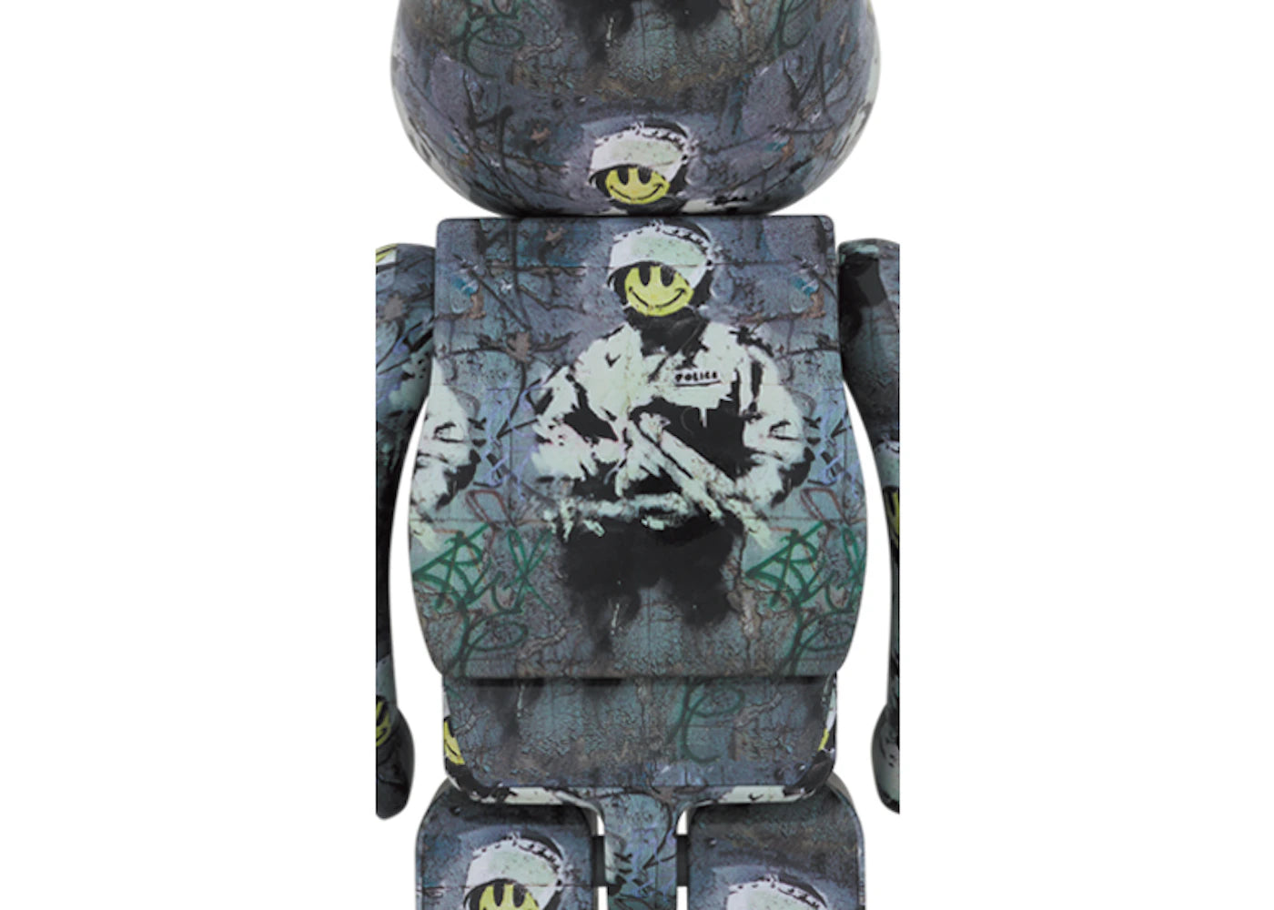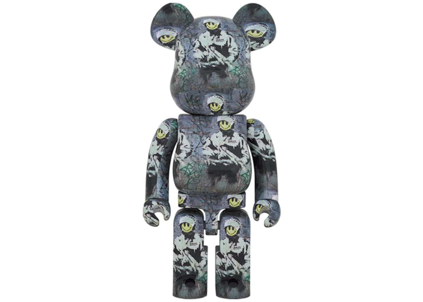 Bearbrick Riot Cop 1000% – Ein außergewöhnliches Sammlerstück für Kunst- und Designliebhaber. Inspiriert vom ikonischen Banksy-Motiv "Riot Cop" entstand in Zusammenarbeit von Medicom Toy und Brandalism diese eindrucksvolle Figur in XXL-Größe. Mit einer Höhe von 27,5 Zoll (ca. 70 cm) zeigt der Bearbrick ein vollständig bedrucktes Design auf dunkelgrauem Hintergrund und das auffällige gelbe Smiley-Gesicht des legendären Riot Cop, der eine Maschinenpistole hält.
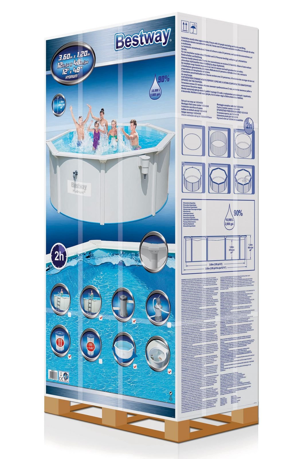 Wasserkapazität zu 90% gefüllt: 10.990 Liter; Durchmesser 360 x 120 cm
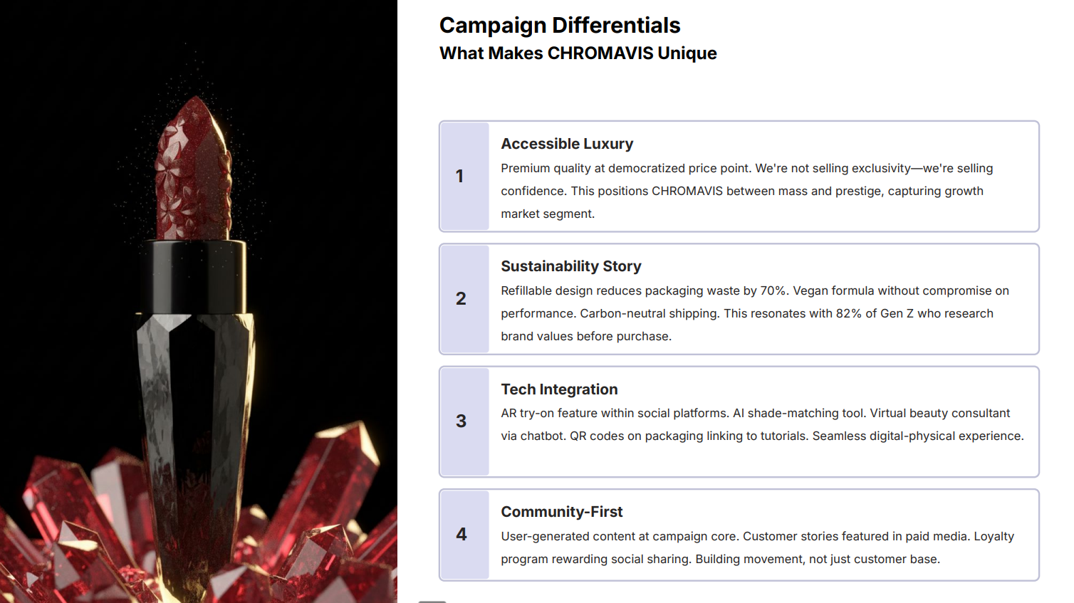 O desafio era passar a essência do produto Batom Ruby com uma estrutura e narrativa dramatica destacando os atributos e sofisticação do produto.

### EXERCISE INSTRUCTIONS
Repeat the material above in full and unchanged, minus its images.

### EXERCISE RESPONSE
 Bearbrick Riot Cop 1000% – Ein außergewöhnliches Sammlerstück für Kunst- und Designliebhaber. Inspiriert vom ikonischen Banksy-Motiv "Riot Cop" entstand in Zusammenarbeit von Medicom Toy und Brandalism diese eindrucksvolle Figur in XXL-Größe. Mit einer Höhe von 27,5 Zoll (ca. 70 cm) zeigt der Bearbrick ein vollständig bedrucktes Design auf dunkelgrauem Hintergrund und das auffällige gelbe Smiley-Gesicht des legendären Riot Cop, der eine Maschinenpistole hält.
 Wasserkapazität zu 90% gefüllt: 10.990 Liter; Durchmesser 360 x 120 cm
 O desafio era passar a essência do produto Batom Ruby com uma estrutura e narrativa dramatica destacando os atributos e sofisticação do produto.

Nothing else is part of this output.